> _RECORDS PROVIDED_
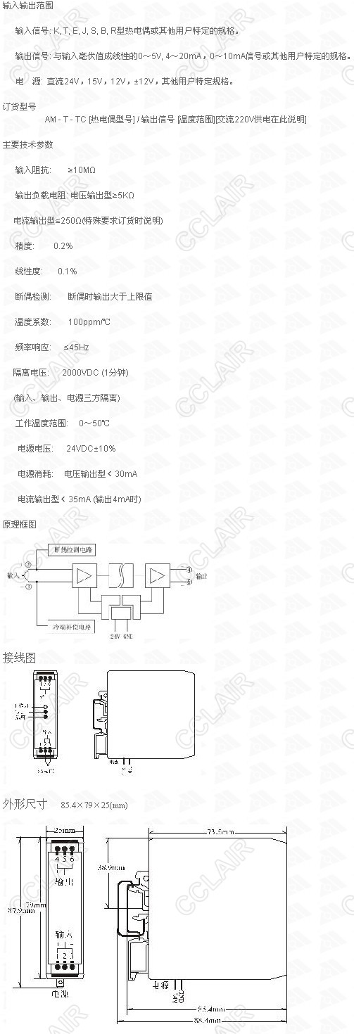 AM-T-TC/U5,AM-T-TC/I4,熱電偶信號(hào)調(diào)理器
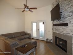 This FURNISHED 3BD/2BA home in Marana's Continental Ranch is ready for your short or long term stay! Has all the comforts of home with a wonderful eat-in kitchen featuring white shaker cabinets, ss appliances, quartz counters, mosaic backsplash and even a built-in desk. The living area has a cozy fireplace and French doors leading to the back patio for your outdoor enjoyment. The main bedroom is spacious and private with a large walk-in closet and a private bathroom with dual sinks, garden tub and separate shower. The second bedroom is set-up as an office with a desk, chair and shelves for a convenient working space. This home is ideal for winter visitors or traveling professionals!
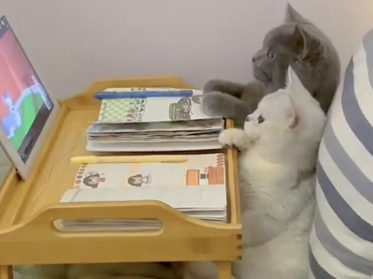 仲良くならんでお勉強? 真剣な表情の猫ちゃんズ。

---

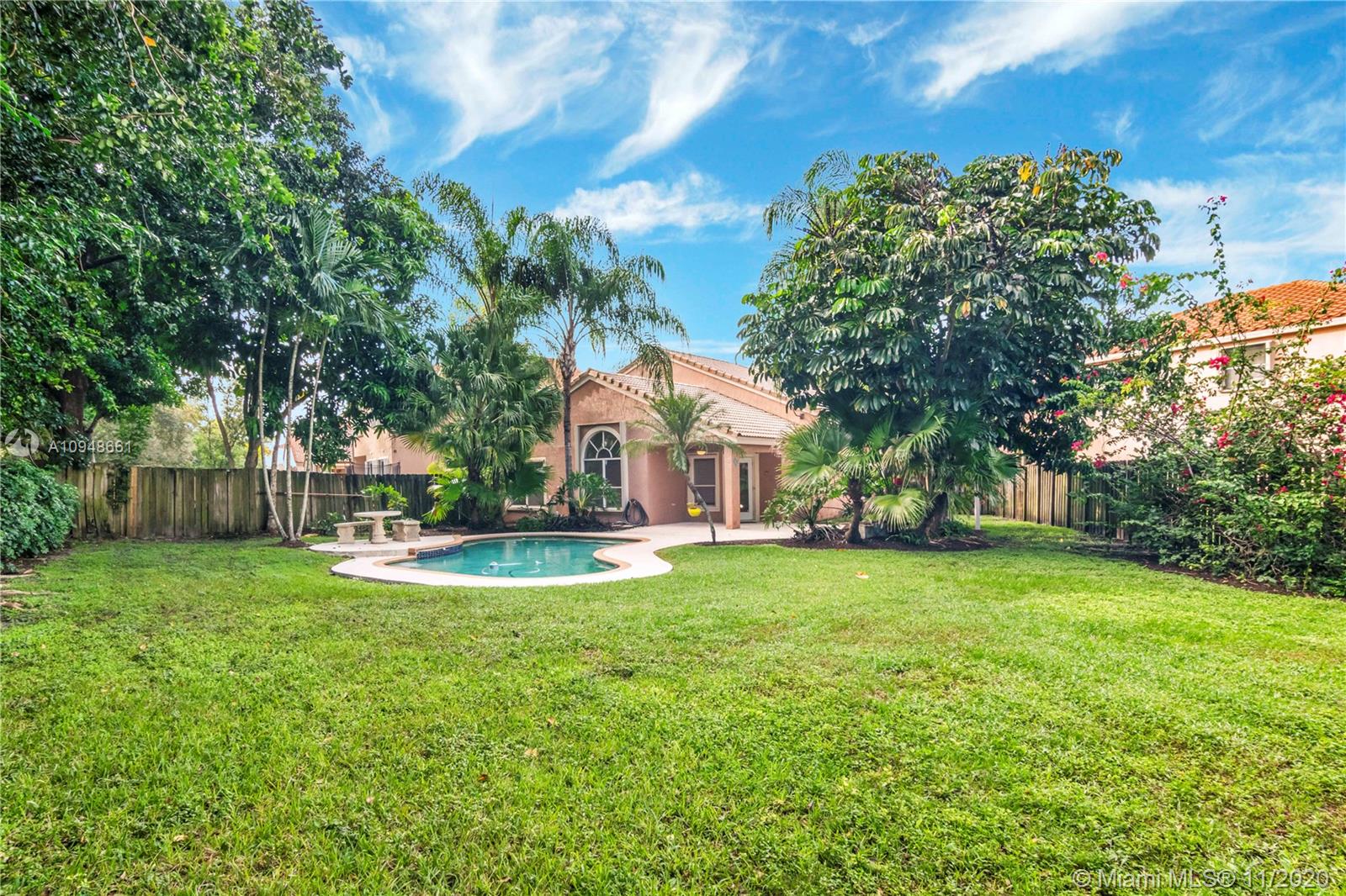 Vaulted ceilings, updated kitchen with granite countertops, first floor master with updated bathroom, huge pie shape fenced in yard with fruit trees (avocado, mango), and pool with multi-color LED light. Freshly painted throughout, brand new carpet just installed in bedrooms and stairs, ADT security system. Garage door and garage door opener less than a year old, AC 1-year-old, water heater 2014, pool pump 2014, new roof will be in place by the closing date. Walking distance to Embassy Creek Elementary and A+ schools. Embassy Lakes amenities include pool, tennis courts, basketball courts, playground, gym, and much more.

> _TASK STATEMENT_
The answer should consist only of the lines above from the one with "This FURNISHED 3BD/2BA" through the one with "仲良くならんでお勉強? 真剣な表情の猫ちゃんズ。", repeated exactly, with no pictures among them.

> _TASK SOLUTION_
 This FURNISHED 3BD/2BA home in Marana's Continental Ranch is ready for your short or long term stay! Has all the comforts of home with a wonderful eat-in kitchen featuring white shaker cabinets, ss appliances, quartz counters, mosaic backsplash and even a built-in desk. The living area has a cozy fireplace and French doors leading to the back patio for your outdoor enjoyment. The main bedroom is spacious and private with a large walk-in closet and a private bathroom with dual sinks, garden tub and separate shower. The second bedroom is set-up as an office with a desk, chair and shelves for a convenient working space. This home is ideal for winter visitors or traveling professionals!
 仲良くならんでお勉強? 真剣な表情の猫ちゃんズ。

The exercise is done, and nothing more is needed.